If by "cast" you really mean your black tar heroin habit, that would fit some of the arguments against single payer medical coverage I've heard.
It is sad that some Republcans could give a crap about people and their health care, they just want to stay in power. What made me realize that all the GOPers voting against health care are not just that unaware of the plight of the average health care consumer was when Bill Clinton said that Bob Dole was about to support Hillary Care when GOP strategists convinced him that if it passed the GOP would be toast for a generation. Sadly he caved which led to Dubya and pissing away more in Iraq totally full blown national health care would cost.
I agree that some of the tax cuts could be rolled back to pay for the start up costs for a health care system. So could all of the money that we give to Israel every year, and the billion dollars for AIDS prevention in Africa. We need to take care of things here before we worry about the rest of the world. I have compassion for those who cannot afford insurance, like a former Chapter 7 client that had to choose between health insurance or apartment rent. I have little compassion for people like a buddy of mine who choose not to buy insurance. "I'm young. Chances are that I will not become seriously ill. I'll take my chances and spend the money on fun stuff."

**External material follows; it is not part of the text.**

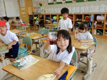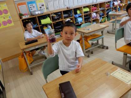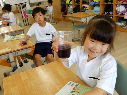 あさがおの観察です。あさがおのつぼんだ花びらから色を取り出しました。みんなきれいな色です。

If the U.S. eliminated foreign aid to Israel and all money for aids prevention in Africa, how much of a dent would that make in $1 trillion?
Not that much all those add up to be maybe 10-20 billion a year if that. It still all come back to cost of medical care, you take care of cost, everythign else will fall in line.
It adds up to ~$3-4 billion/year. Cost is everything. I think Obama and healthcare reform are in big trouble. If he manages to get it back on track and passed later this year, give him a wizard's hat. I don't see it happening. Without slowing the growth of costs, it's blows up the primary rationale for reform. Maybe a watered down version will pass and Obama will say, "some progress is better than no progress".
I hope so because there are good ideas outside of the public option in the bill that most people agree on.